Exercise aim:
Reproduce the listing below word for word and exclude any picture.

Data provided:
=== Section Start ===

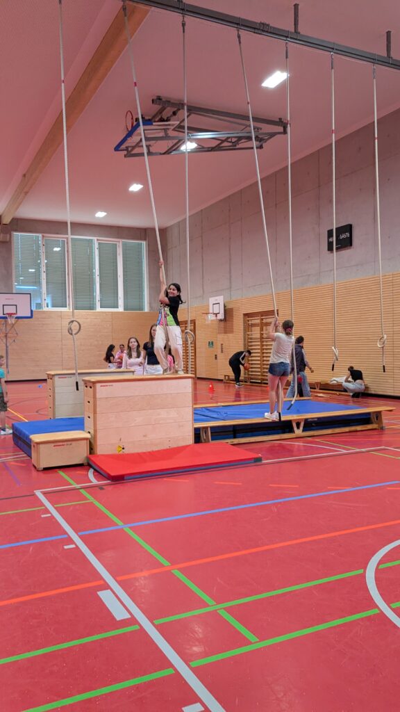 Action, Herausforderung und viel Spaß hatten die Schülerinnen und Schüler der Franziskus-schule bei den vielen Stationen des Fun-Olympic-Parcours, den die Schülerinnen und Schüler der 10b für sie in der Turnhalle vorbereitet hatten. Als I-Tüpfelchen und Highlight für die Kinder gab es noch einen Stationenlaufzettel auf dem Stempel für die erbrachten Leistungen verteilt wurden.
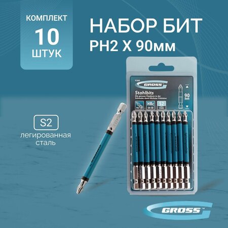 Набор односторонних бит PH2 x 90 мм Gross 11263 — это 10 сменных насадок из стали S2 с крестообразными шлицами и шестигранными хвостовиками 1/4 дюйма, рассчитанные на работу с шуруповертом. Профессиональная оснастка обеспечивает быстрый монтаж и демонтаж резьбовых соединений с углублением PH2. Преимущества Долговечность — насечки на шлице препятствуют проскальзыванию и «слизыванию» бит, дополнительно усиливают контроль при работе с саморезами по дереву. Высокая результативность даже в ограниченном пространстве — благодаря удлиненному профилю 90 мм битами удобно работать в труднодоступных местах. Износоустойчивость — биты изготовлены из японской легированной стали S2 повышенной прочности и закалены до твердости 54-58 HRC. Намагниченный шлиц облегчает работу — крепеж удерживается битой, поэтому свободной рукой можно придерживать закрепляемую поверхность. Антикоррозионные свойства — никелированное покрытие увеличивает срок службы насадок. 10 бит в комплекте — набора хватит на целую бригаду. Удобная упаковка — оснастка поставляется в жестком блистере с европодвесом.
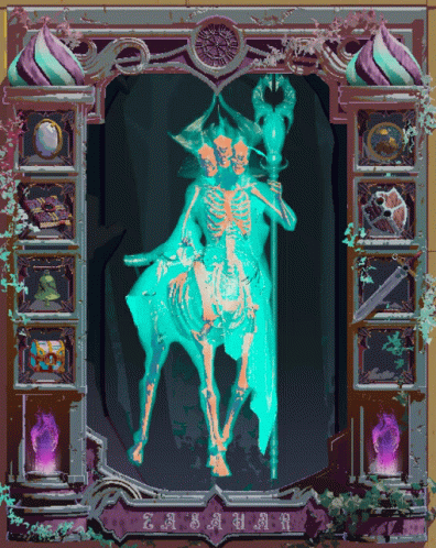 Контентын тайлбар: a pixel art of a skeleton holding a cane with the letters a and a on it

=== Section End ===

Result:
 Action, Herausforderung und viel Spaß hatten die Schülerinnen und Schüler der Franziskus-schule bei den vielen Stationen des Fun-Olympic-Parcours, den die Schülerinnen und Schüler der 10b für sie in der Turnhalle vorbereitet hatten. Als I-Tüpfelchen und Highlight für die Kinder gab es noch einen Stationenlaufzettel auf dem Stempel für die erbrachten Leistungen verteilt wurden.
 Набор односторонних бит PH2 x 90 мм Gross 11263 — это 10 сменных насадок из стали S2 с крестообразными шлицами и шестигранными хвостовиками 1/4 дюйма, рассчитанные на работу с шуруповертом. Профессиональная оснастка обеспечивает быстрый монтаж и демонтаж резьбовых соединений с углублением PH2. Преимущества Долговечность — насечки на шлице препятствуют проскальзыванию и «слизыванию» бит, дополнительно усиливают контроль при работе с саморезами по дереву. Высокая результативность даже в ограниченном пространстве — благодаря удлиненному профилю 90 мм битами удобно работать в труднодоступных местах. Износоустойчивость — биты изготовлены из японской легированной стали S2 повышенной прочности и закалены до твердости 54-58 HRC. Намагниченный шлиц облегчает работу — крепеж удерживается битой, поэтому свободной рукой можно придерживать закрепляемую поверхность. Антикоррозионные свойства — никелированное покрытие увеличивает срок службы насадок. 10 бит в комплекте — набора хватит на целую бригаду. Удобная упаковка — оснастка поставляется в жестком блистере с европодвесом.
 Контентын тайлбар: a pixel art of a skeleton holding a cane with the letters a and a on it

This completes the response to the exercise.